§ WHAT IS REQUIRED: Where the data below begins, start retyping exactly, and end on the line with "Là, on voit", which is included; no picture goes in.

(Collection entries)
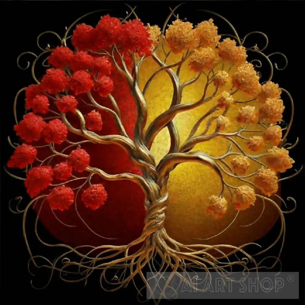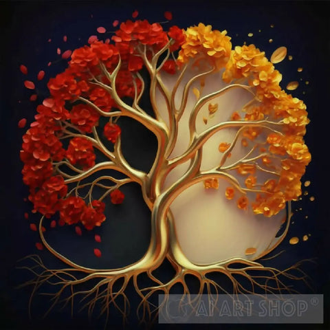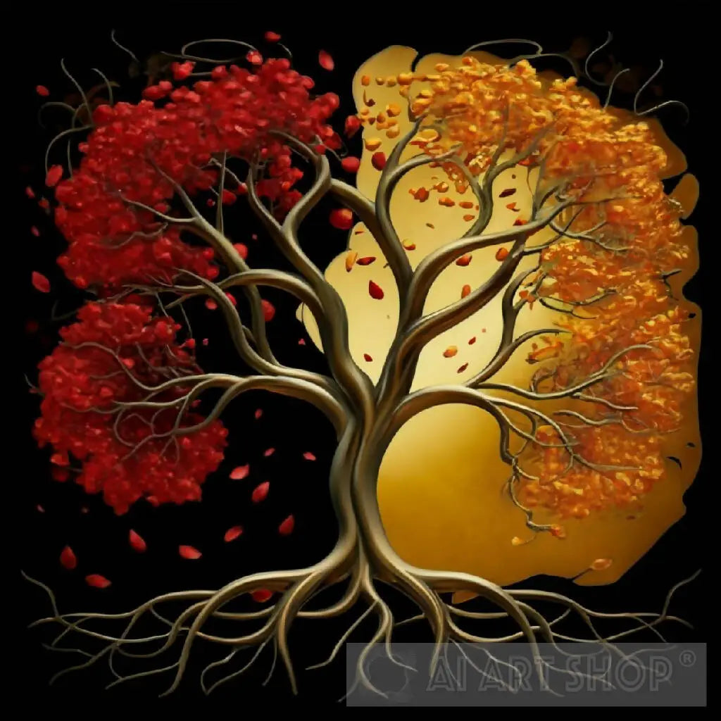 Tree with golden leaves and twisted and intertwined branches oil painting
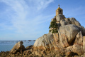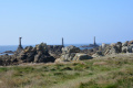 Là, on voit mieux ce rocher, reste d'un jeu de lancer entre saints, dit-on par ici. |  |  Tout à l'extrémité, le phare de la Jument. |  |
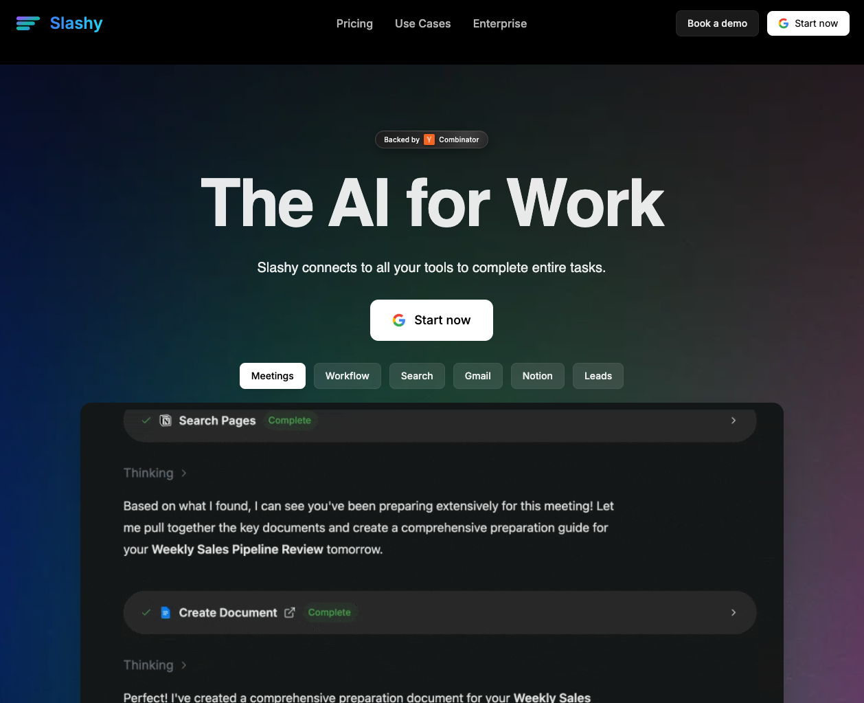 Slashy è una startup backuppata dall'incubatore più famoso al mondo, YCombinator. Permette di collegare tutti i tuoi servizi (Google Calendar, Drive, Notion, ecc.) e consente di eseguire task lunghi e complessi operando su trasversalmente su tutti i software a cui sei registrato.
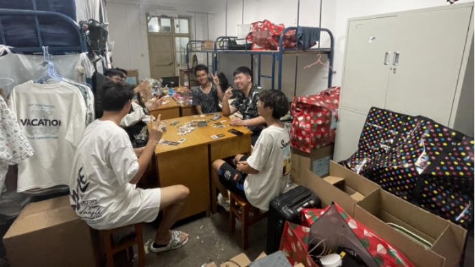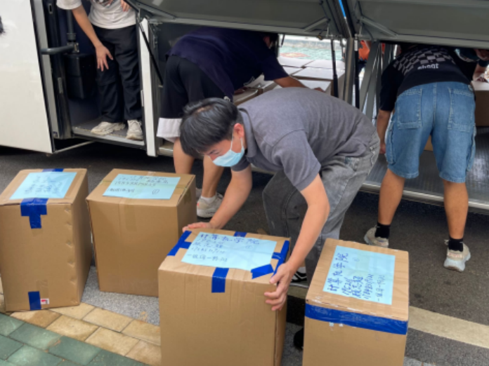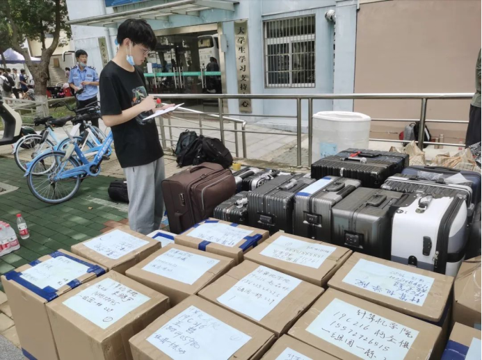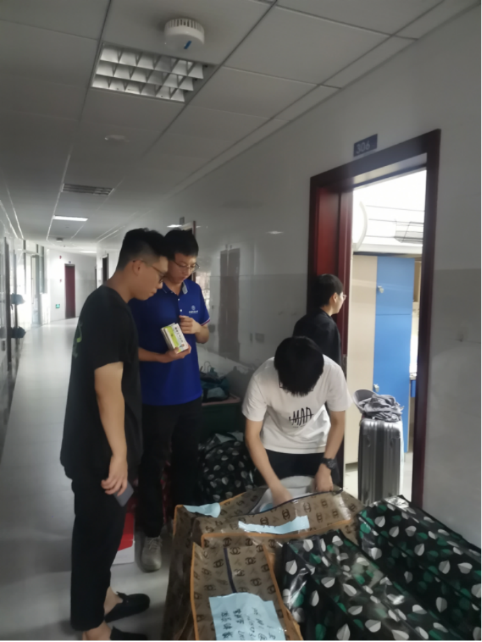 搬迁前一晚,同学们使用学院派发的物资,认真打包好行李,在各自的行李上贴好标签,以免丢失。学院还提前准备了消暑药品、晕车药、饮用水供学生自取。
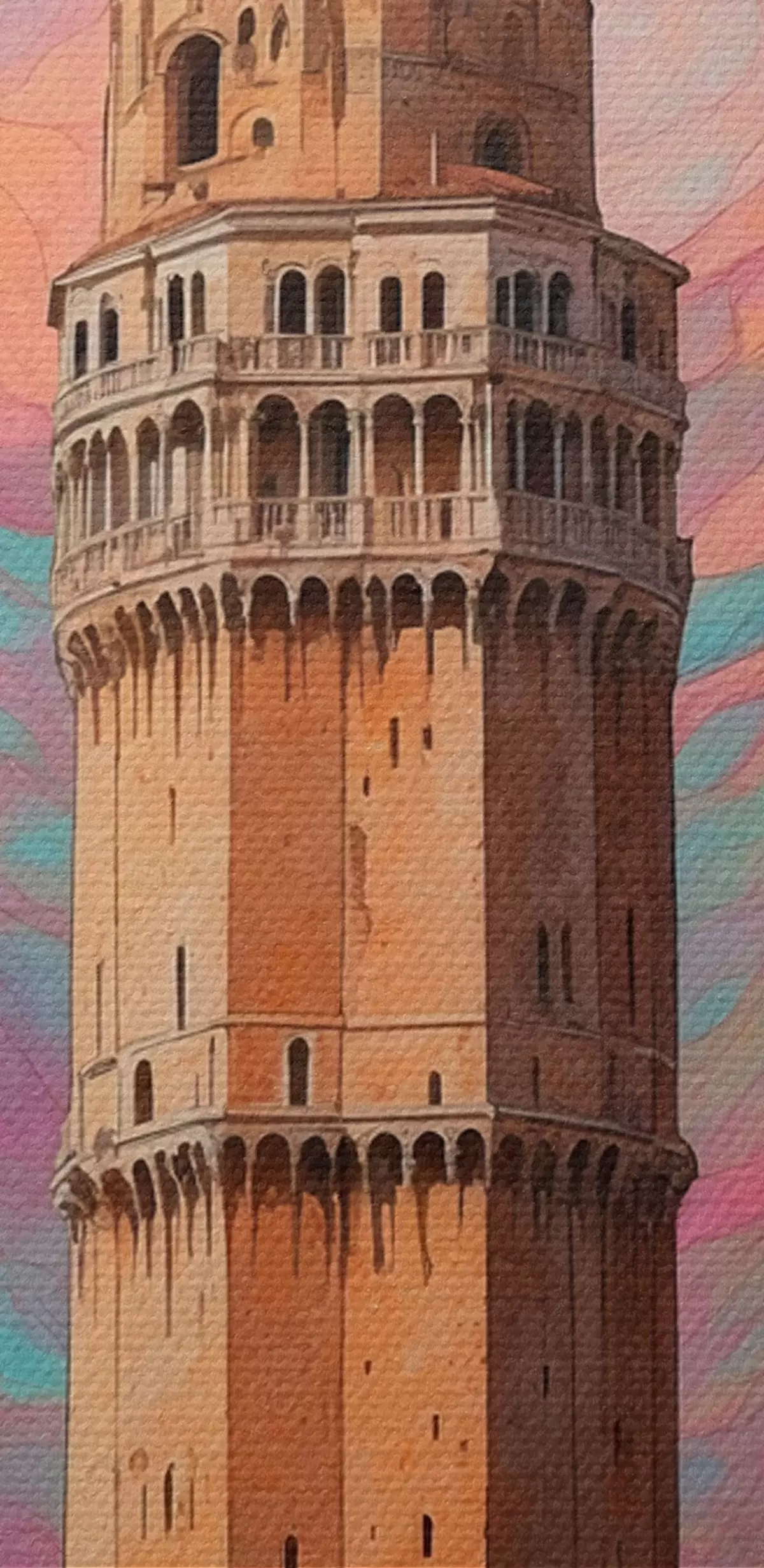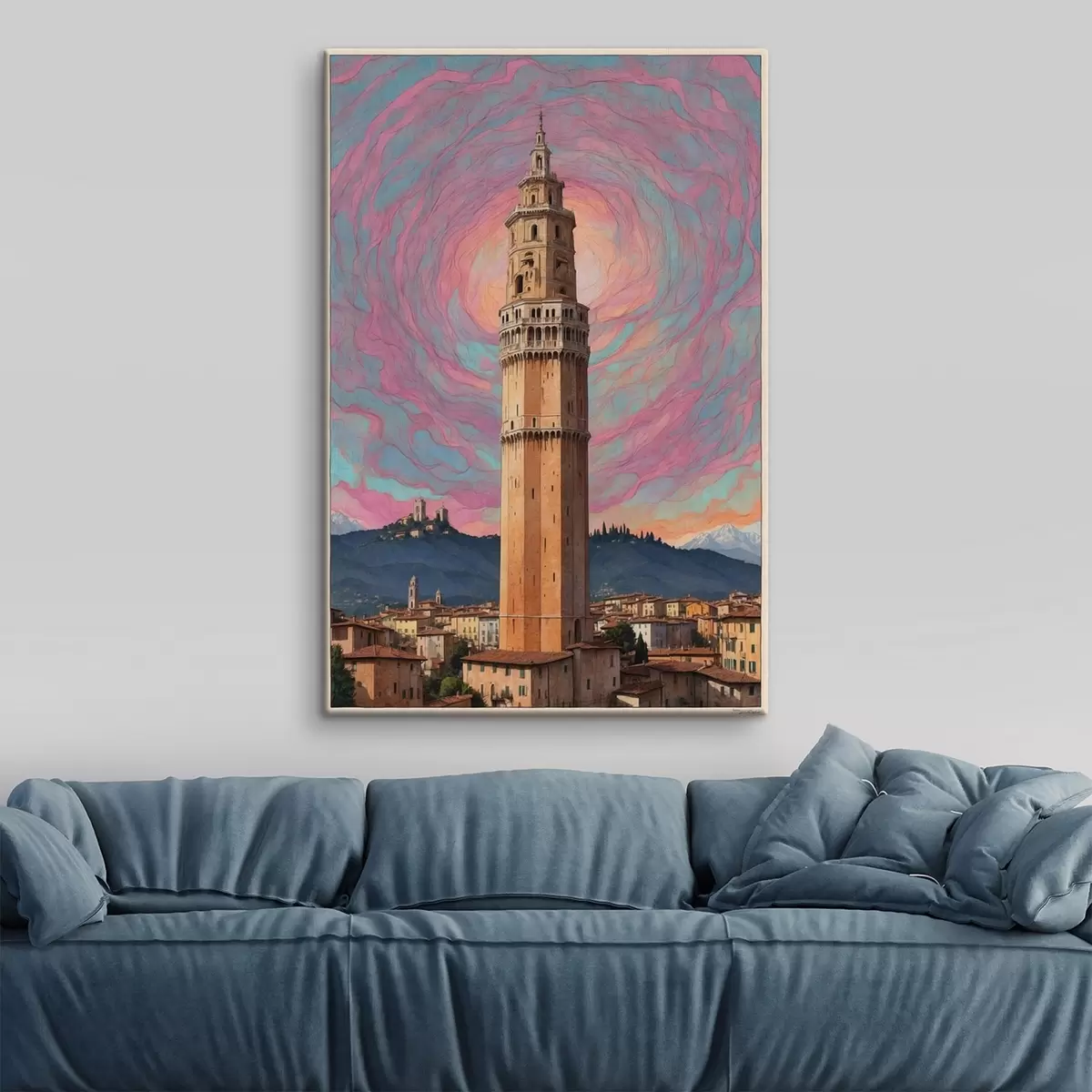 Gemälde Fantasieturm gegen den Himmel mit rosa und blauen Spiralen Art. s44885
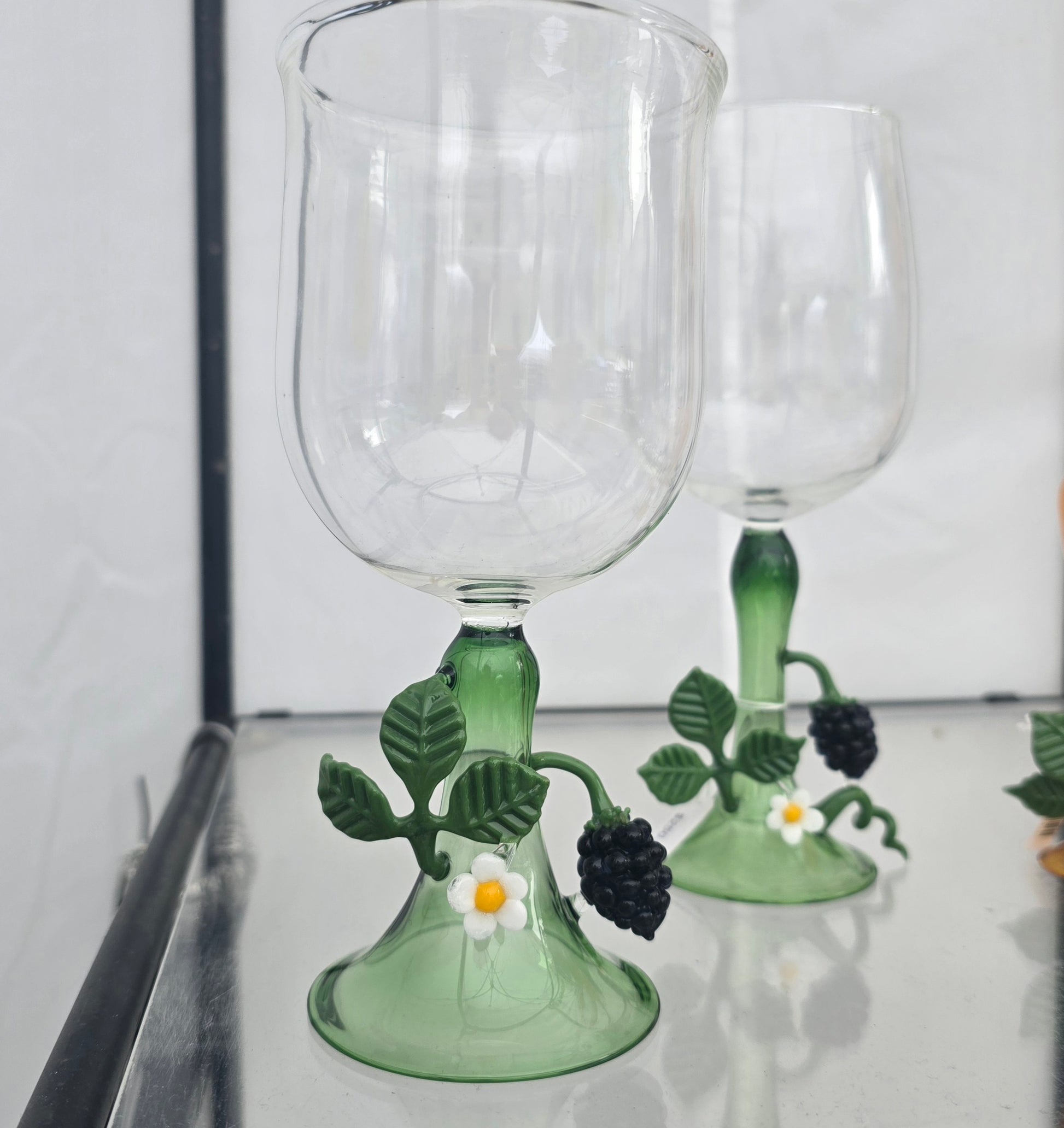 Celebrate the 2025 Bremerton Blackberry Festival this charming Blackberry goblet wine glass. Crafted from handblown borosilicate glass, it boasts a delicate cup and a beautifully blown foot. Adorned with whimsical glass details of a luscious blackberry, berry flower, leaf, and vine, it's perfect for adding a playful touch to your sipping experience.
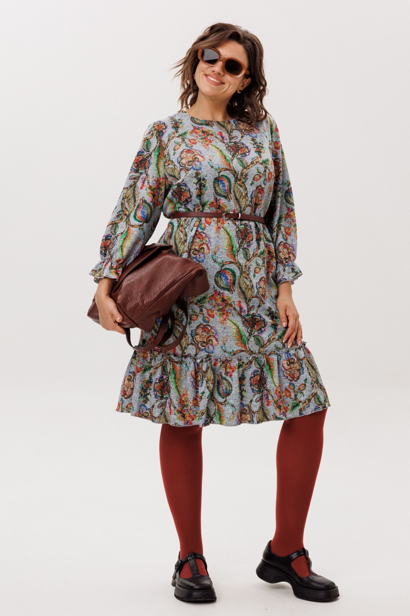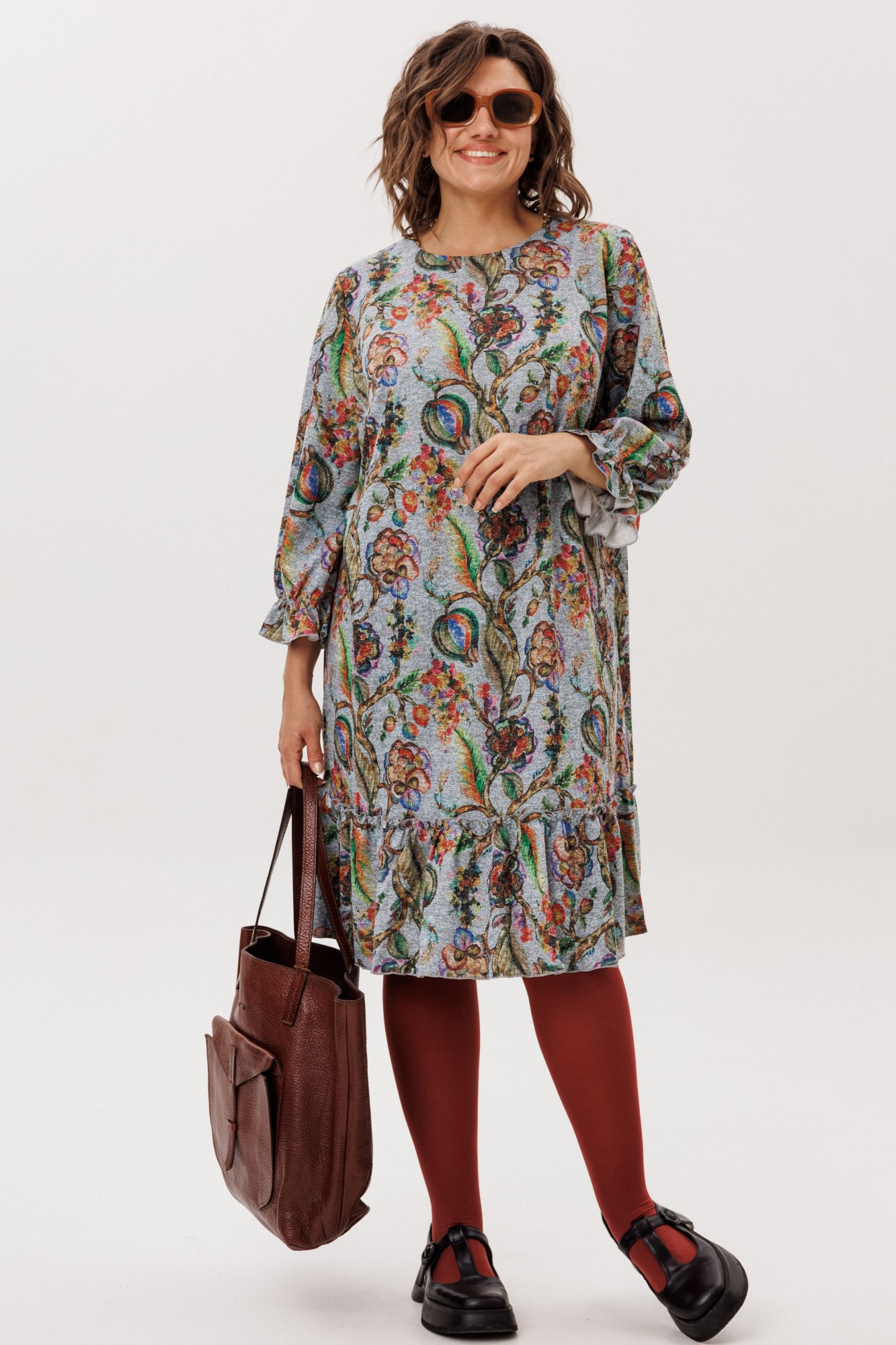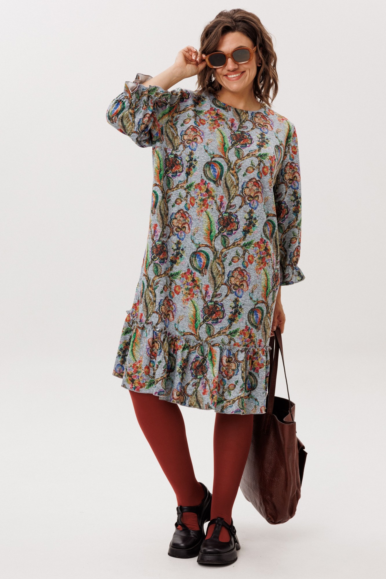 Трикотажное платье прямого кроя, украшенное ярким акварельным принтом, гарантированно станет центром внимания. Укороченные рукава, собранные на резинке, сочетают практичность с изящным акцентом на запястье. Круглый вырез горловины мягко обрамляет шею, а низ платья, оформленный притачным воланом, придает всему образу летящую, воздушную легкость.
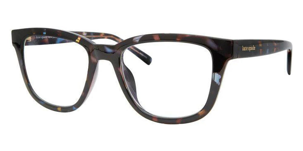 JAZELLE/BB Eyeglasses by Kate Spade™. The square shape design feature a full rim cellulose prop. inj frame. This model is available in three different color combinations and sizes. Kate Spade eyeglasses are sleek and stylish readers that provide an elegant look and ensure superior optical clarity. Equipped with top-grade lenses that block the blue light emitted from your digital devices, Kate Spade eyeglasses are a perfect choice for those customers looking for stylish and efficient eyewear. The collection offers a wide range of frames shapes, including oval, round, square, and rectangular, making it easy to pick up a new pair of classy eyeglasses that will perfectly complement unique face shape and size and add an elegant look with a dash of playfulness.
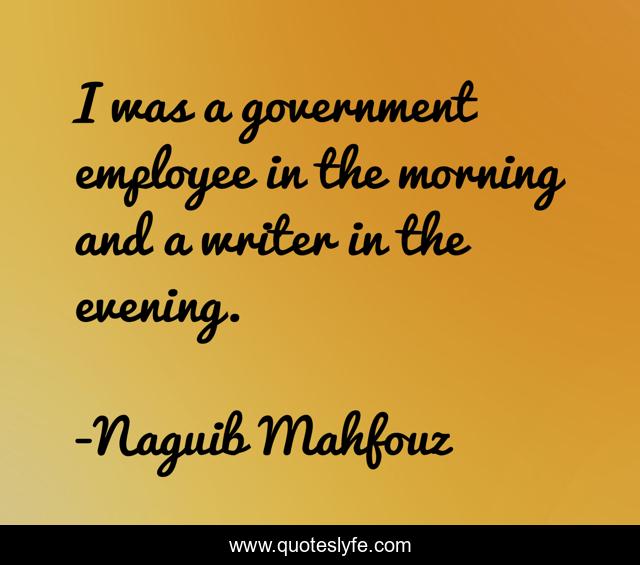 This page presents the quote "I was a government employee in the morning and a writer in the evening.". Author of this quote is Naguib Mahfouz. This quote is about employee, government,.

§ SOLUTION TO THE PROBLEM:
 Tree with golden leaves and twisted and intertwined branches oil painting
 Là, on voit mieux ce rocher, reste d'un jeu de lancer entre saints, dit-on par ici. |  |  Tout à l'extrémité, le phare de la Jument. |  |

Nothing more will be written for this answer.